I hope I can get to "happy to be here with you" by Thursday.

I'll propose a toast "to Peace, Love and Understanding."


  1. I lightened up just about an hour after I wrote this...looking forward to seeing everyone tomorrow!

  2. What a complex and difficult story for anyone to navigate. I am amazed that you were able to lighten up. But thanksgiving is about giving thanks to all, and it sounds like you found that place inside yourself. It doesn't invalidate all the appropriate outrage you had earlier.

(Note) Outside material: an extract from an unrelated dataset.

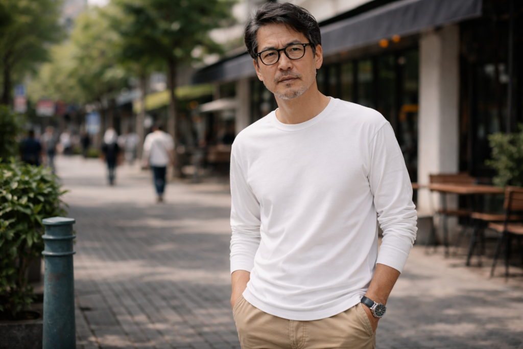 多くの服は若い世代を基準に作られているため、50代男性が着ると違和感が出ることがあります。

    Hoping it all went well.

  3. Thanksgiving was mostly great stuff - my cousin went with her boyfriend's family instead. She's still using heavily, angry at everything and behaving irrationally. She was, of course, invited to be with her family and made her choice freely. I'm thankful for that.

    My mom, who was so concerned about her, declined any opportunity to visit with her last week saying she was "too busy", and she still hasn't spoken to my aunt.

  4. Dysfunction continues at it's own pace. You seem to live your life to the fullest, and that's what counts in the long run.